Tempo stores distributed traces from application pods. It receives spans from the OpenTelemetry Collector and stores them durably in MinIO S3.
| Setting | Value |
|---|---|
| Chart | tempo v1.10.3 |
| Sync Wave | 11 |
| Namespace | monitoring |
| Retention | 14 days (336h) |
| Storage | MinIO S3 bucket tempo-traces (at 192.168.88.19:9000) |
| WAL | emptyDir (in-flight traces lost on crash only) |
| Ingress | https://tempo.homelab.vyanh.uk |
| Resources | Requests: 100m / 256Mi, Limits: 500m / 1Gi |
How Tempo stores traces:
Metrics Generator:
Tempo's built-in metrics-generator derives RED metrics (Rate, Error, Duration) and a service graph from trace spans. These are pushed to VictoriaMetrics so they appear in Grafana dashboards alongside regular Prometheus metrics.

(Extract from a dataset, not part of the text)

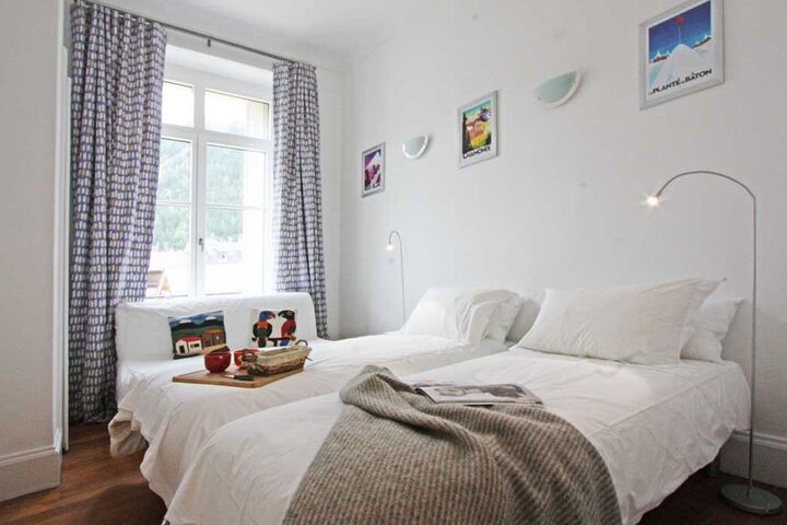 Alpine Museum apartment is a beautifully renovated Chamonix apartment on the first floor of the prestigious Residence Mont Blanc building overlooking the Place du Mont Blanc in the centre of Chamonix. It has two bedrooms, and two bathrooms, sleeping 4 people very comfortably. This Chamonix apartment boasts classical high ceilings, and is light spacious, with a large open plan living area overlooking the river and the town centre, with modern well equipped kitchen, lounge area and dining table and chairs for 4. The master bedroom has a king size bed, and ensuite bathroom with Italian shower. The 2nd bedroom of the Apline Museum apartment can be made as either a twin or a king bed, and has access to the 2nd bathroom with bath (shower). The Residence Mont Blanc is one of Chamonix's oldest buildings and is home to the Chamonix Alpine Museum too, right in the centre of Chamonix itself.

Tempo metrics-generator → remote write → VictoriaMetrics
→ Grafana shows: request_rate, error_rate, p99_latency per service
→ Grafana shows: service dependency graph (which service calls which)
Credentials: MinIO access key/secret injected via VaultStaticSecret from kv/monitoring/tempo/minio.